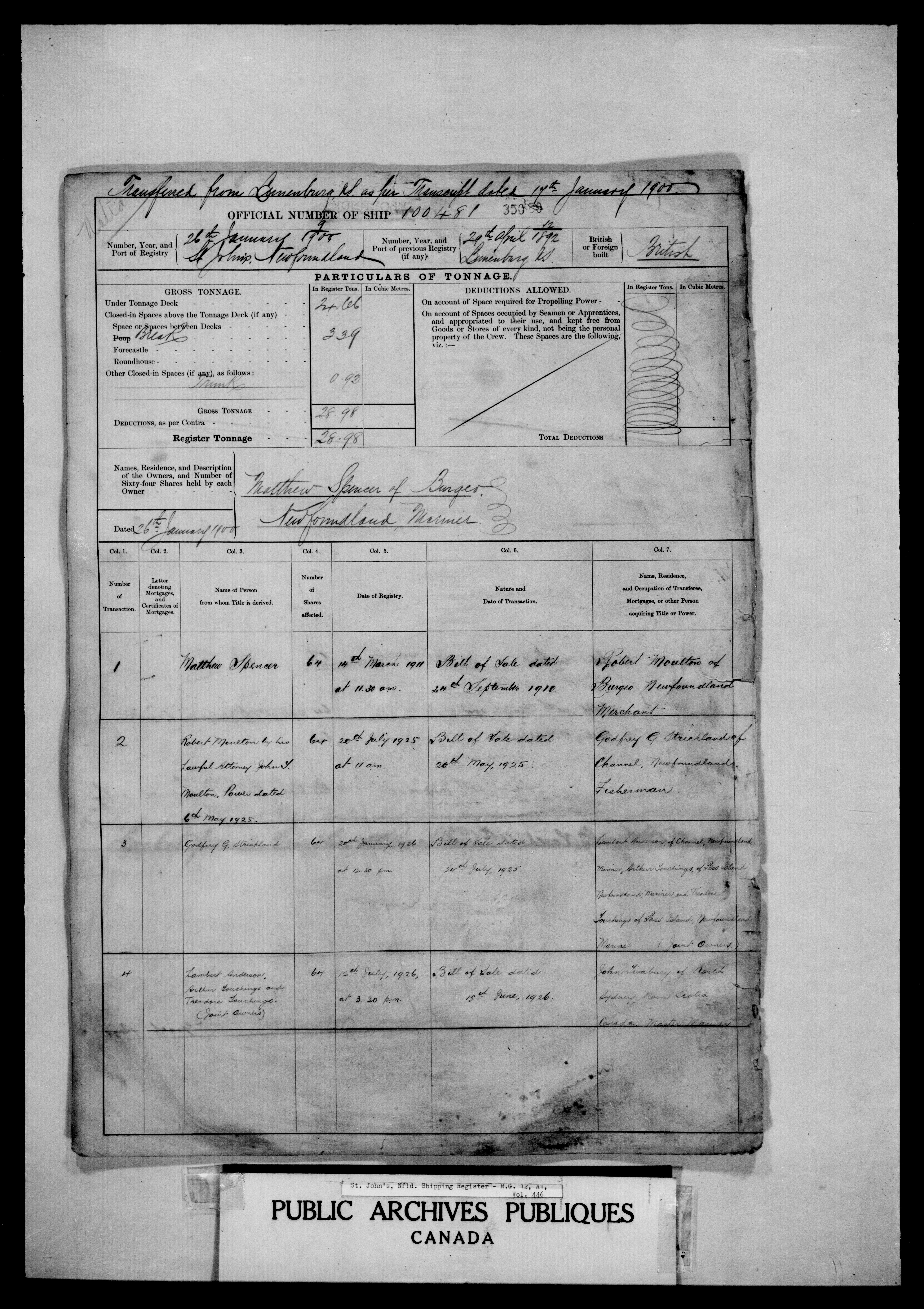 St. John's [Newfoundland] Registrar of Shipping, 1843-1983 : C-1448
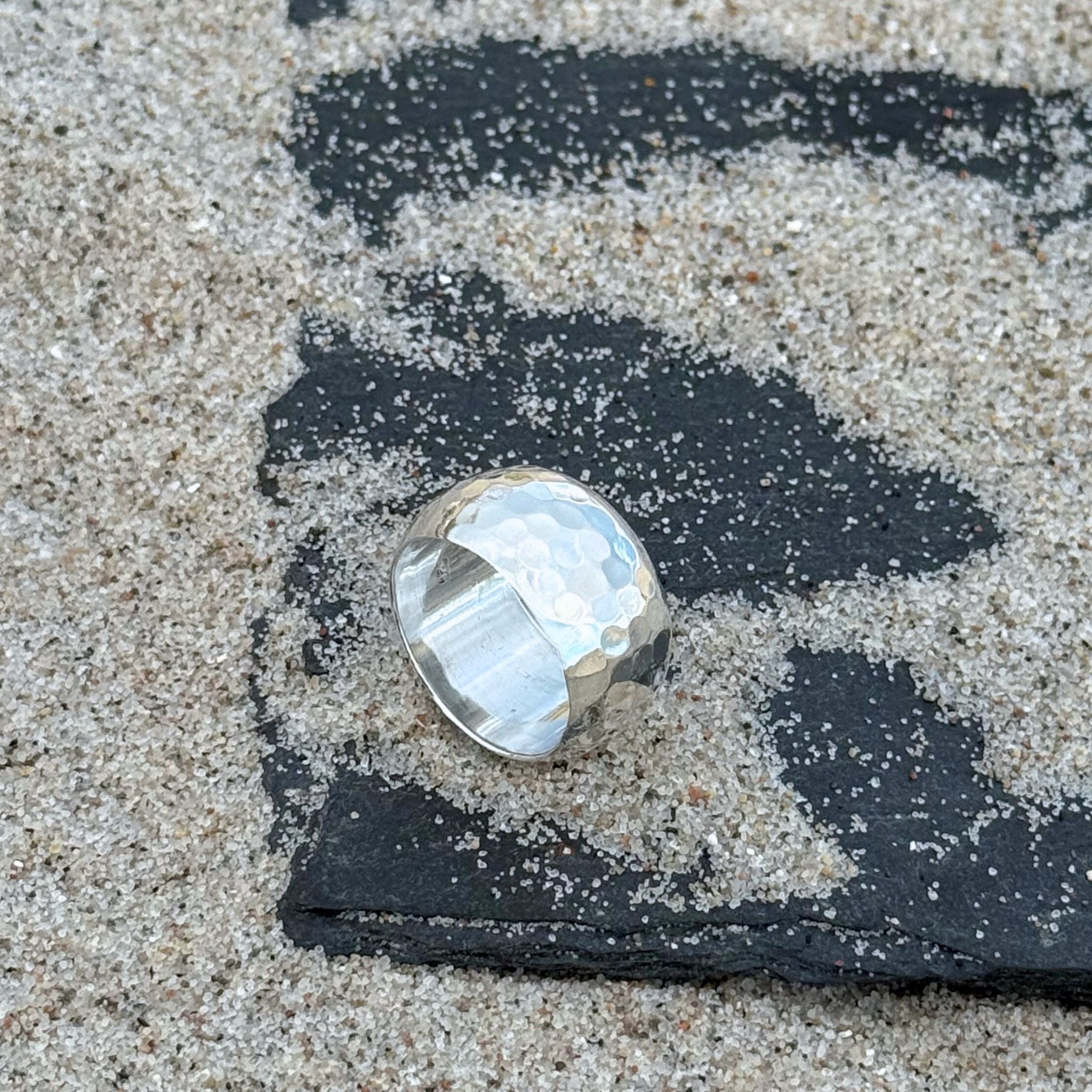 Onze prachtige gehamerde zilveren ring schittert in zilver aan uw vinger. Het bijzondere is de gelijkmatige hamerslag. Het is voor u gemaakt van hoogwaardig 925 sterling zilver
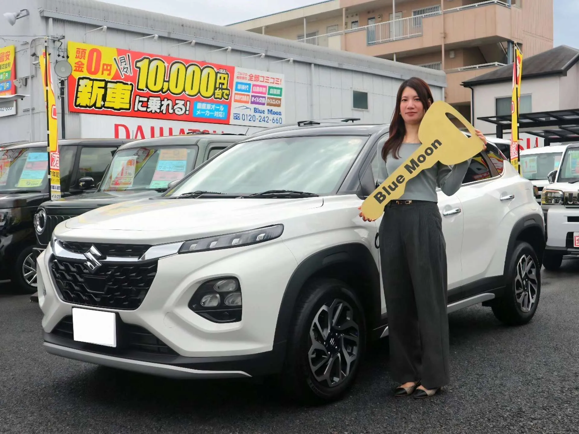 2205.10.19 この度はフロンクスのご納車おめでとうございます!K様こだわりのパールツートンカラーが、とってもお洒落で素敵です。最新のナビはもちろん、運転に安心感を与える360度カメラも装備され、ドライブがさらに快適になりますね♬この個性的なコンパクトSUVで、これからのカーライフを存分にお楽しみください。安全運転で、たくさんの思い出を作ってくださいね。ありがとうございました!
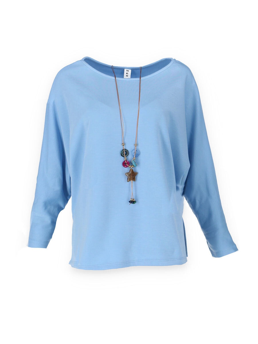 Dámská halenka s raglánovým rukávem, doplněna přívěškem.
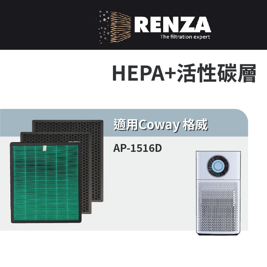 適用 Coway 格威 AP-1516D AP1516D 1516 大孔劉空氣清淨機 抗菌HEPA+活性碳 濾網 濾心1片HEPA+2片活性碳(超商最多1組)|1片抗菌HEPA濾網|1片蜂巢活性碳濾網(除臭除甲醛)Air TreatmentRenza Filtration 濾網專家
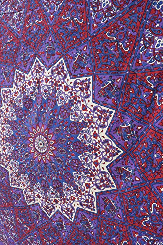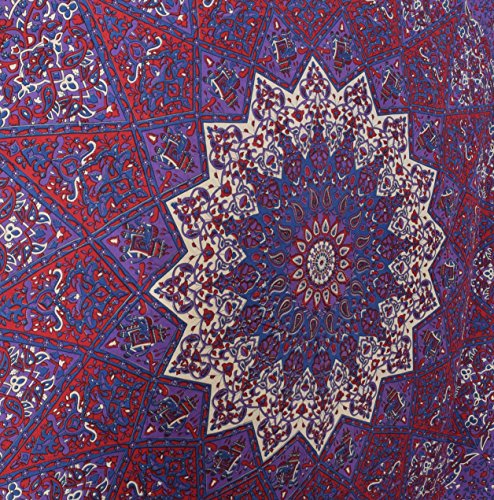 POPULAR HANDICRAFTS HIPPIE KALEIDOSCOPIC STAR INTRICATE FLORAL DESIGN INDIAN BEDSPREAD TAPESTRY 84X90 INCHES,(215CMSX230CMS) PURPLE RED
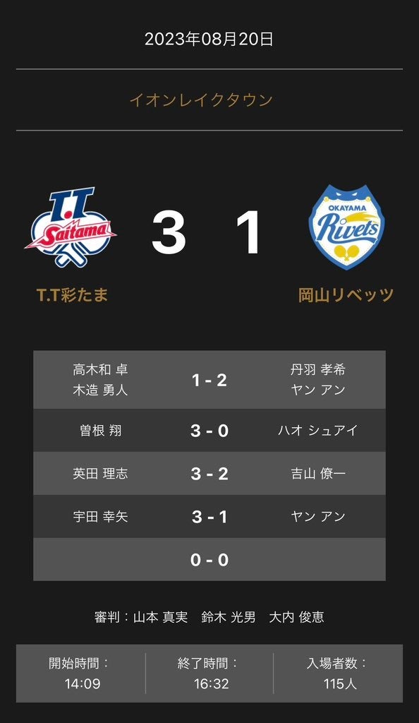 ノジマTリーグ2023-20241シーズン公式戦 8月20日(日) T.T彩たま vs 岡山リベッツ 試合結果
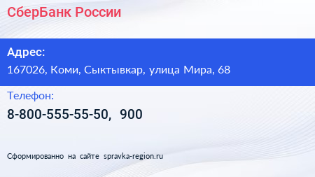 СберБанк России по адресу 167026, Коми, Сыктывкар, улица Мира, 68 в дальнейшем Организация, размещена в следующих категориях:
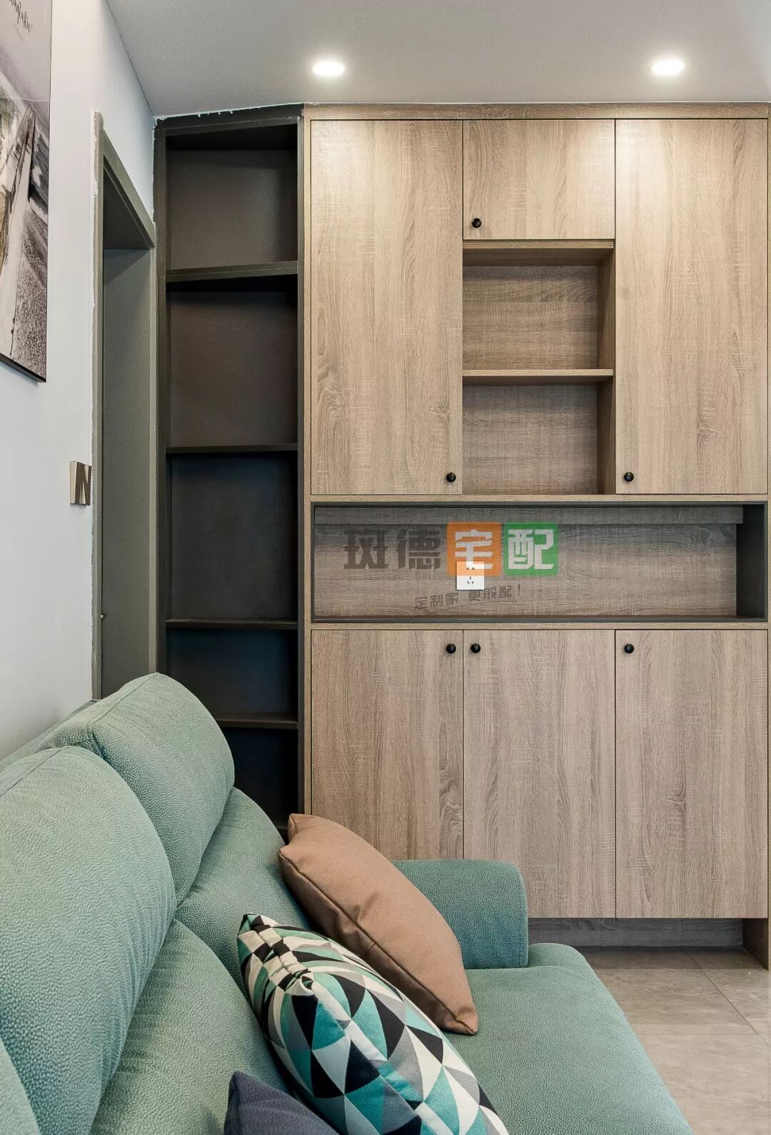 再打造斑德宅配定制鞋柜,上方既可儲物,下方斜板設(shè)計,留空預(yù)留日常鞋子擺放。不會影響進門的效果,儲藏能力也很棒。
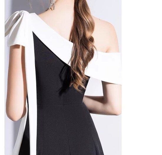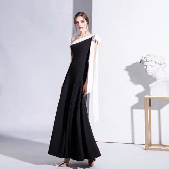 パーティードレス レディース ノースリーブ ワンショルダー リボン バイカラー ロングドレス マキシ Aライン ツートーン エレガント 肩リボン 結婚式 演奏会 披露宴 謝恩会 ドレス おしゃれ
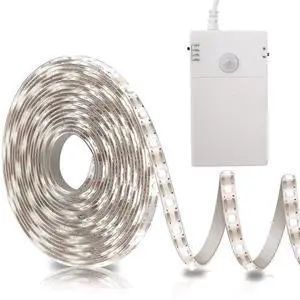 Battery Operated Motion Sensor Cabinet Strip Lights, 9.8Ft 90 LED Counter Closet Strip Light, Motion & Night Sensor Safe Tape Light for Stairs Wardrobe Kitchen (Cool White)- Brand: Bell & Howell
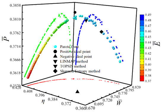 In the process of the thermodynamic system optimization, single-objective optimization often led to unacceptable objectives for other objectives when there were conflicts among the considered goals. Multi-objective optimization would consider the trade-offs among the goals, and the optimized results were more reasonable [99,100,102,105,106,107,108,109,110,111,112,113,114,115,116,117,118,119,120,121,122,123,124,125].
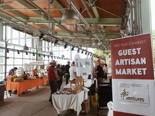 Ventures is a nonprofit organization which gives individuals from low-income backgrounds an opportunity to start their own entrepreneurial ventures. They offer business and marketing classes at a reduced rate and provide services, access to capital, mentorship and coaching to help individuals run successful businesses — or more accurately, microenterprises (a term I just learned, meaning a business that has five or fewer employees and requires less than $35,000 in initial capital). Ventures supports the idea that with rising poverty rates, the solution of giving individuals the tools to create their own businesses is both empowering and self-sustaining. Ventures provides services for 800+ clients every year. 99% of their clients are from low-income households, 65% are people of color, 32% are immigrants, and 71% are female. Along with this, Ventures also has a brick and mortar store in Pike Place Market where they sell the goods that their clients produce. This is where most of my projects will take place. As an Access to Markets Intern for Ventures, I will be assisting with the Incubation step of their process — helping clients to succeed once their business is up and running.
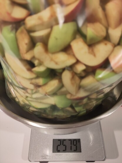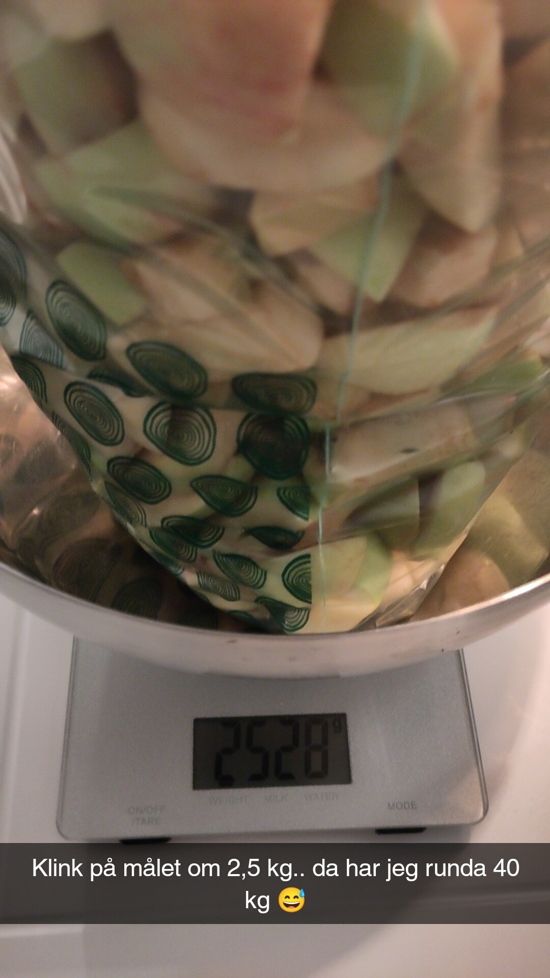 23 kg eple ferdig kuttet og lagt i fryseren. Det verste er at jeg nesten er sikker på å ha minst like mye fremdeles i treet. Ooog siden dette er nedfallsfrukt, har jeg sannsynligvis kastet ihvertfall 10 kg med avskjær hittil, meget mulig at det er mer.

----------

Print the material above exactly, skipping its images.

 St. John's [Newfoundland] Registrar of Shipping, 1843-1983 : C-1448
 Onze prachtige gehamerde zilveren ring schittert in zilver aan uw vinger. Het bijzondere is de gelijkmatige hamerslag. Het is voor u gemaakt van hoogwaardig 925 sterling zilver
 2205.10.19 この度はフロンクスのご納車おめでとうございます!K様こだわりのパールツートンカラーが、とってもお洒落で素敵です。最新のナビはもちろん、運転に安心感を与える360度カメラも装備され、ドライブがさらに快適になりますね♬この個性的なコンパクトSUVで、これからのカーライフを存分にお楽しみください。安全運転で、たくさんの思い出を作ってくださいね。ありがとうございました!
 Dámská halenka s raglánovým rukávem, doplněna přívěškem.
 適用 Coway 格威 AP-1516D AP1516D 1516 大孔劉空氣清淨機 抗菌HEPA+活性碳 濾網 濾心1片HEPA+2片活性碳(超商最多1組)|1片抗菌HEPA濾網|1片蜂巢活性碳濾網(除臭除甲醛)Air TreatmentRenza Filtration 濾網專家
 POPULAR HANDICRAFTS HIPPIE KALEIDOSCOPIC STAR INTRICATE FLORAL DESIGN INDIAN BEDSPREAD TAPESTRY 84X90 INCHES,(215CMSX230CMS) PURPLE RED
 ノジマTリーグ2023-20241シーズン公式戦 8月20日(日) T.T彩たま vs 岡山リベッツ 試合結果
 СберБанк России по адресу 167026, Коми, Сыктывкар, улица Мира, 68 в дальнейшем Организация, размещена в следующих категориях:
 再打造斑德宅配定制鞋柜,上方既可儲物,下方斜板設(shè)計,留空預(yù)留日常鞋子擺放。不會影響進門的效果,儲藏能力也很棒。
 パーティードレス レディース ノースリーブ ワンショルダー リボン バイカラー ロングドレス マキシ Aライン ツートーン エレガント 肩リボン 結婚式 演奏会 披露宴 謝恩会 ドレス おしゃれ
 Battery Operated Motion Sensor Cabinet Strip Lights, 9.8Ft 90 LED Counter Closet Strip Light, Motion & Night Sensor Safe Tape Light for Stairs Wardrobe Kitchen (Cool White)- Brand: Bell & Howell
 In the process of the thermodynamic system optimization, single-objective optimization often led to unacceptable objectives for other objectives when there were conflicts among the considered goals. Multi-objective optimization would consider the trade-offs among the goals, and the optimized results were more reasonable [99,100,102,105,106,107,108,109,110,111,112,113,114,115,116,117,118,119,120,121,122,123,124,125].
 Ventures is a nonprofit organization which gives individuals from low-income backgrounds an opportunity to start their own entrepreneurial ventures. They offer business and marketing classes at a reduced rate and provide services, access to capital, mentorship and coaching to help individuals run successful businesses — or more accurately, microenterprises (a term I just learned, meaning a business that has five or fewer employees and requires less than $35,000 in initial capital). Ventures supports the idea that with rising poverty rates, the solution of giving individuals the tools to create their own businesses is both empowering and self-sustaining. Ventures provides services for 800+ clients every year. 99% of their clients are from low-income households, 65% are people of color, 32% are immigrants, and 71% are female. Along with this, Ventures also has a brick and mortar store in Pike Place Market where they sell the goods that their clients produce. This is where most of my projects will take place. As an Access to Markets Intern for Ventures, I will be assisting with the Incubation step of their process — helping clients to succeed once their business is up and running.
 23 kg eple ferdig kuttet og lagt i fryseren. Det verste er at jeg nesten er sikker på å ha minst like mye fremdeles i treet. Ooog siden dette er nedfallsfrukt, har jeg sannsynligvis kastet ihvertfall 10 kg med avskjær hittil, meget mulig at det er mer.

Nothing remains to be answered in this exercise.